« Vieux » routard du rock (son épopée débute en 1970), l’amienois François Long se nourrit de musique anglo-saxonne, de Led Zeppelin à Yes en passant par les Who ou Bowie. Expérimenté (le bric à brac sonore de génie Zic Zazou, les bien connus The Rabeats avec lesquels il reprend les Beatles en tant que chanteur et bassiste), il possède le savoir-faire nécessaire à s’émanciper et c’est tout sauf une surprise, aujourd’hui, de le voir s’attaquer à un répertoire solo. Lequel voit une pléthore d’invités et pas des moindres (on y dénombre des pointures locales dont Flamm, Florent Elter et Christophe Deschamps et la présence de Gail Ann Dorsey, bassiste…du grand Bowie, ni plus ni moins) prendre part à la sortie de The seven others, son premier album, donc, solo.
Fort de onze titres et « de sortie » sur une belle référence éminemment rock’n’roll, le label Motherbuzz Records, ledit objet offre onze titres qui créent une accroche quasi-immédiate, d’un rock tranchant et varié aux velléités mélodiques évidentes. Le bougre ne s’y trompe d’ailleurs pas en insufflant à son carnet de route une touche Bowiesque du plus bel effet et en assénant d’entrée de jeu des riffs de ceux qu’on retient (Gee-queens of souls, excellente amorce). Long se charge en outre de la quasi-totalité du jeu instrumental, et développe ici de bonnes idées, dès ce premier titre doté d’un break souligné par une jolie voix féminine, celle de Roberta Effebi. Les guitares, jouées « à trois », sont loquaces et délicieuses, le chant grave et racé et le morceau donne le ton général d’un opus qui à aucune moment ne se montrera insuffisant.
Bien au contraire, on repart pied au plancher avec Empty words, taillé dans une pop-rock vive et fine à la fois, qui convoque le passé tout en sonnant moderne.

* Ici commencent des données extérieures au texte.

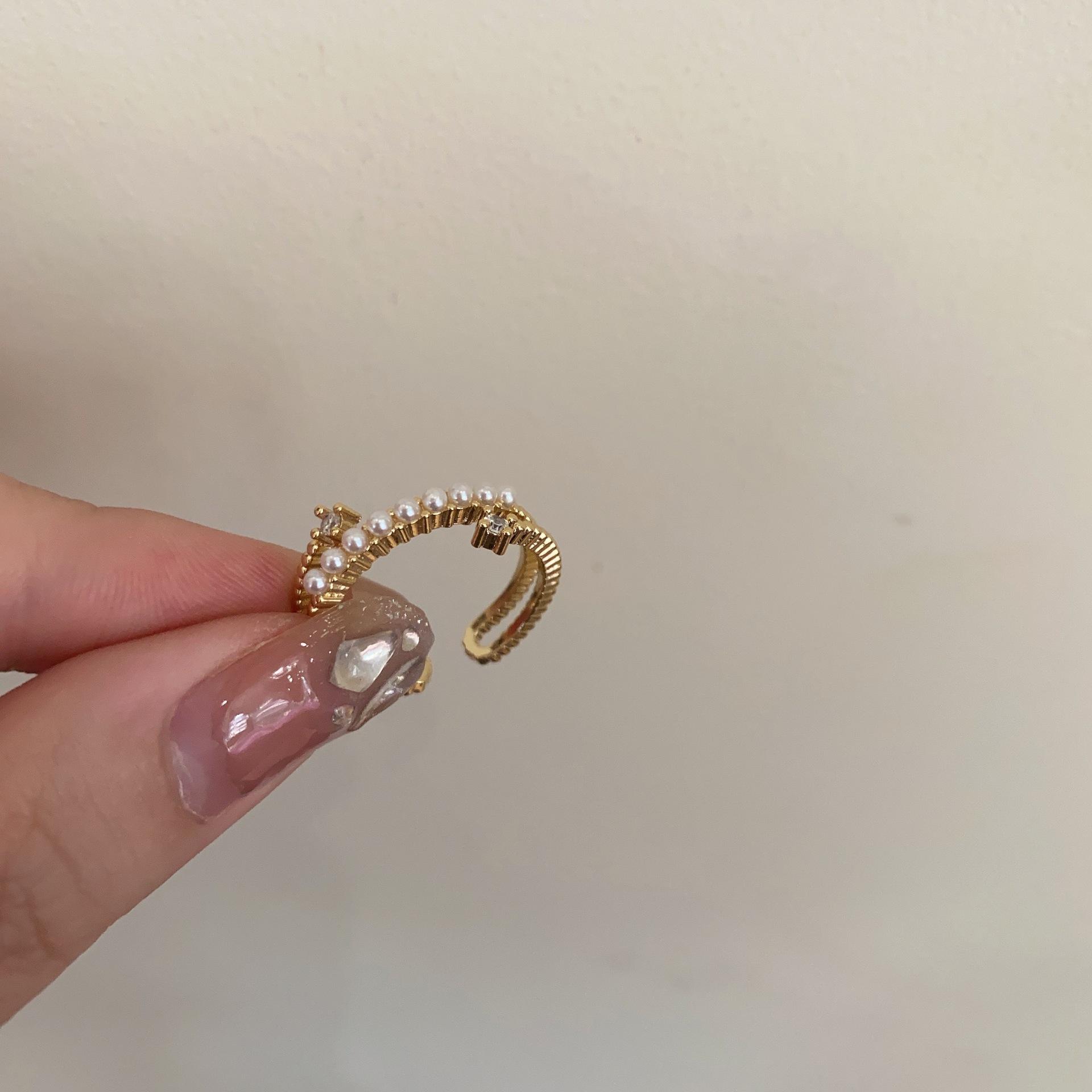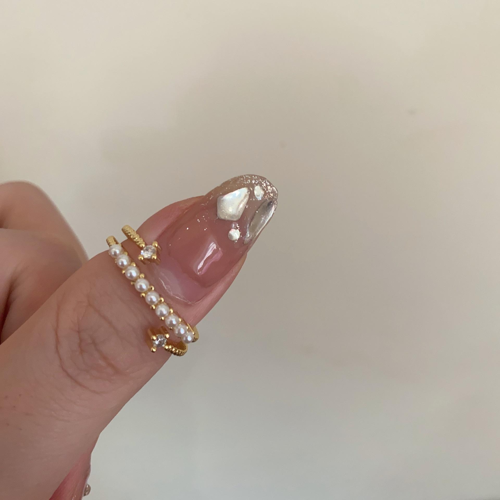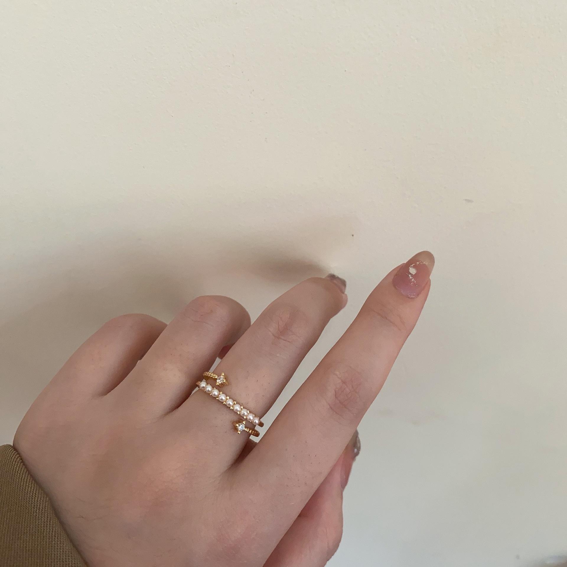 Anillo abierto de lujo ligero con forma de estrella de perla Awn para mujer, nicho interior, anillo de viento frío de alta calidad, pulsera ajustable con temperamento
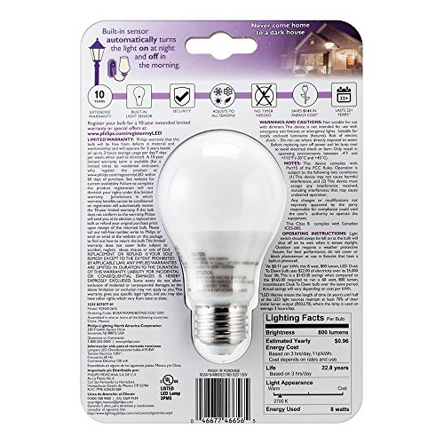 Studio : Philips Publisher : Philips Binding : Tools Home Improvement Product Description Philips Classic Glass A19 Indoor/Outdoor LED light bulbs provide 800 Lumen’s of soft white light, equivalent to 60-watt incandescents with 80% less energy use. These bulbs fit standard medium base (E26) fixtures with the look and feel of a classic bulb. Not for use with Philips HUE products. At 2700-Kelvin, these soft white bulbs offer warm and comfortable lighting with high CRI (color rendering index) to deliver bright, crisp color ideal for whole room ambient light as well as in area lamps. Best-in-class Philips LEDs provide turn on instantly with energy-efficient flicker-free, natural light that won't degrade over time. Unlike cheaper imitations, Philips LED offers clean, natural lighting with exceptional clarity. LED light bulbs last up to 10X longer than incandescent and halogen bulbs. Unlike fluorescent and compact fluorescent bulbs, Philips LEDs are mercury-free so they don't contribute to hazardous waste. This pack of 4, A19 Philips LEDs comes with a 5-year warranty. Each bulb is expected to deliver a lifetime of up to 15,000 hours and over 10 years (based on three hours per day), saving you the cost and hassle of frequent bulb replacement. 0
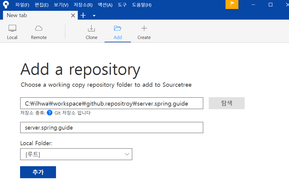 이후 하단의 '추가'버튼을 누르면, 소스트리에 해당 로컬저장소가 등록된다.
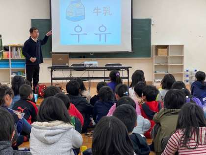 本日は、毎週火曜日に本校でアギコレモイムのソンセンニム(先生)としてお世話になっております、チェ・ドクホソンセンニムに、「ハングル文字について親しもう。」という題材で授業をしていただきました。
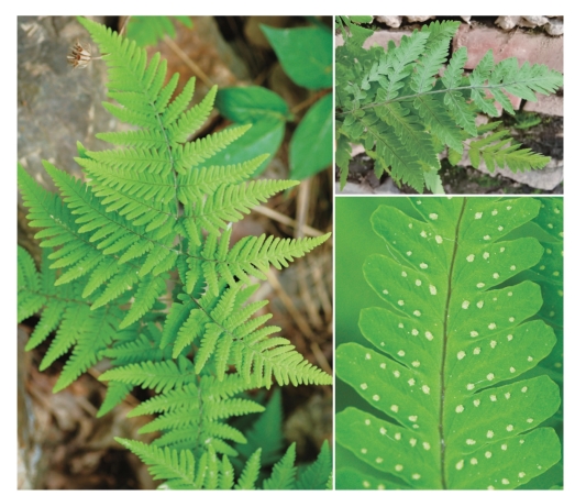 ●描述:陆生蕨类。根茎细长横走,顶端和叶柄基部有棕色卵状披针形鳞片。叶疏生;叶片卵状三角形,叶片二至三回羽状,羽片5~8对,对生,斜上,下部的有柄,具关节着生叶轴,基部1对长三角形,二回羽裂,末回裂片全缘或有浅圆齿,侧脉单一,偶2叉;叶厚草质,上面淡绿色,下面浅绿色;叶柄上部和叶轴及羽轴下部(特别是基部羽片)有淡黄色小腺体。孢子囊群小,圆形,背生于侧脉中部;无盖。

Puis Afraid, premier single, joue la carte d’une coolitude stylée qui trouve sa place sans heurts au beau milieu de plages appuyées tout en s’enhardissant sur la seconde partie du titre. Notre homme a de plus l’intelligence de varier les cadences, le saccadé Speed allant en ce sens tout en livrant des climats successifs différents tant finauds que batailleurs. On se réjouit de ces penchants belliqueux, de l’excellence de chansons parfaitement troussées et certaines voient même la paire Long/Flamm oeuvrer…de pair, justement, avec succès (I am an alien ou Speed qui le précède).
Vient ensuite le tout du titre éponyme, d’abord spatial, qui développe cette option sur six minutes et trouve à l’instar d’Afraid sa cohérence aux côtés des autres essais. Sur We, c’est Pénélope Long qui assure une belle intervention vocale bien qu’éparse, Simon Postel y allant de sa frappe infaillible et le morceau se fait reptilien, serti de petits motifs ingénieux et d’une touche presque funky qui le rend dansant sans perdre de son tranchant. On est frappé par la distinction du jeu de guitare, la pertinence du tout et au delà de ça, l’exécution collective sans failles de The seven others. Outside (tiens, c’est aussi le titre d’un album du Thin White Duke) joue avec la voix, bénéficie des backing vocals de Sly (Rabeats) et de la flûte de Jî Dru (qui joue notamment avec Sandra N’Kaké), ce qui lui apporte des atours dépaysants greffés à une valeur récurrente dans la musicalité, simultanément subtile, sauvage et racée. La tension retombe quelque peu sur Smile, plus psyché, qui étend avec style la portée du disque, puis Afraid part II réinstaure de bons gros riffs et un rock bourru, instrumental. Tout est bon, quand bien même le titre suscite une légère impression d’inachevé, et Outtro-Turn me on-The waiting song remet ensuite en scène des guitares incendiaires, couplées à une instrumentation douce-amère et un rythme appuyé. La voix au diapason du tout, affirmée, étayant ce dernier morceau avec brio.
Pour, à l’arrivée, mettre fin à une rondelle digne du plus grand intérêt, qui va incontestablement faire le plus grand bien à une scène amienoise actuellement, et malheureusement, moyennement florissante. Un bel exemple de réussite individuelle dans le collectif, masterisé qui plus est, bonne initiative supplémentaire, par Bérenger Nail.